Start of Block

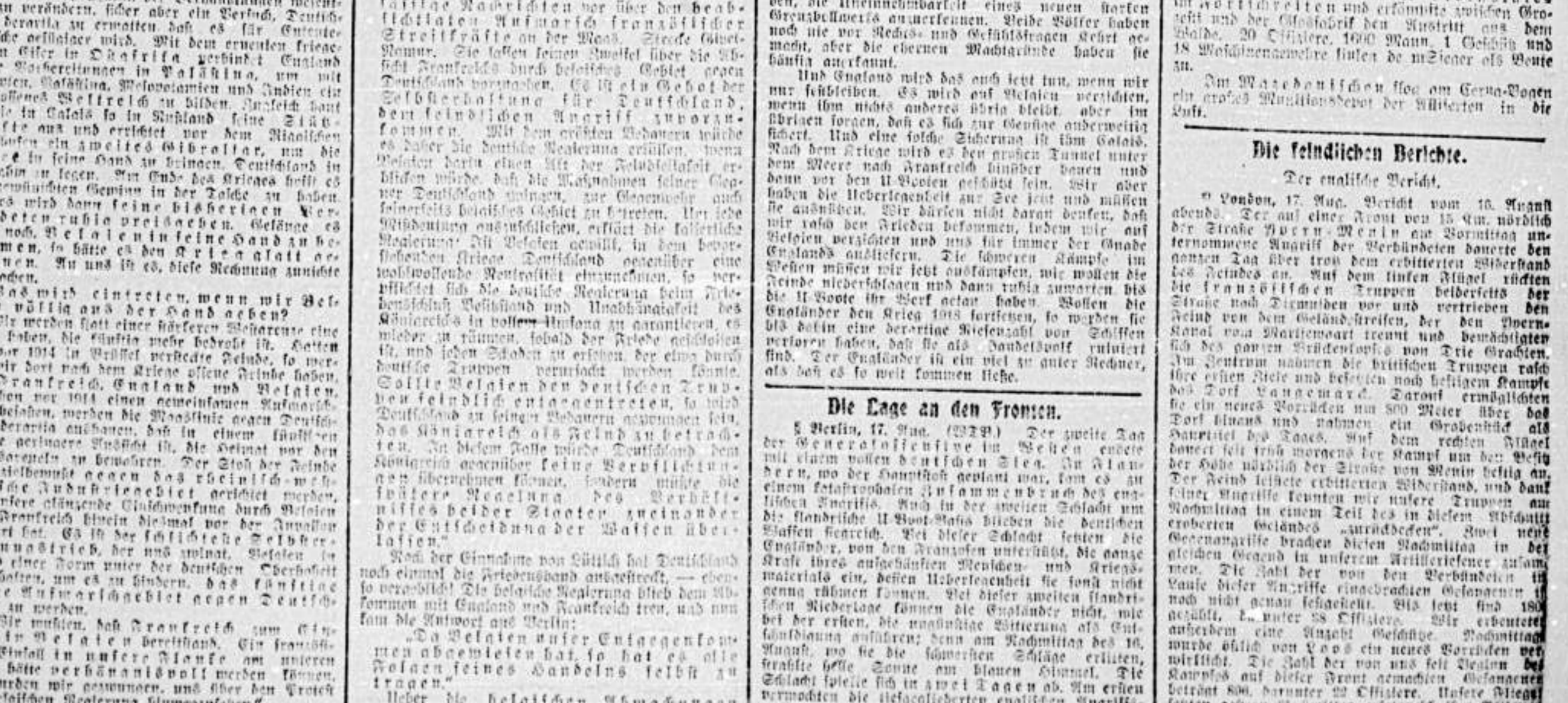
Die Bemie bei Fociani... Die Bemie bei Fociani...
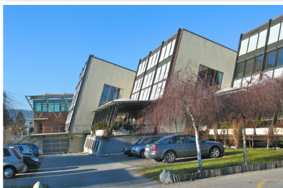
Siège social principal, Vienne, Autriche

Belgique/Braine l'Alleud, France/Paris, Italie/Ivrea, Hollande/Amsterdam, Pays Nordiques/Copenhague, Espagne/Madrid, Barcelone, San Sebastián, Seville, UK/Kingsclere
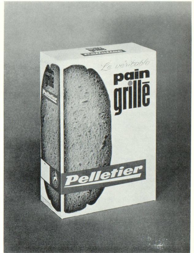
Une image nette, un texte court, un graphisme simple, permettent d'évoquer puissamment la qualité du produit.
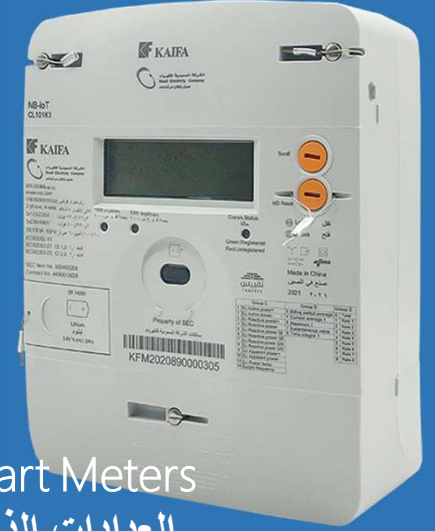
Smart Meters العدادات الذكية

End of Block

▸ **Problem to work on**: Print the records above verbatim, minus any pictures.

▸ **Response to this task**:
Die Bemie bei Fociani... Die Bemie bei Fociani...
Siège social principal, Vienne, Autriche

Belgique/Braine l'Alleud, France/Paris, Italie/Ivrea, Hollande/Amsterdam, Pays Nordiques/Copenhague, Espagne/Madrid, Barcelone, San Sebastián, Seville, UK/Kingsclere
Une image nette, un texte court, un graphisme simple, permettent d'évoquer puissamment la qualité du produit.
Smart Meters العدادات الذكية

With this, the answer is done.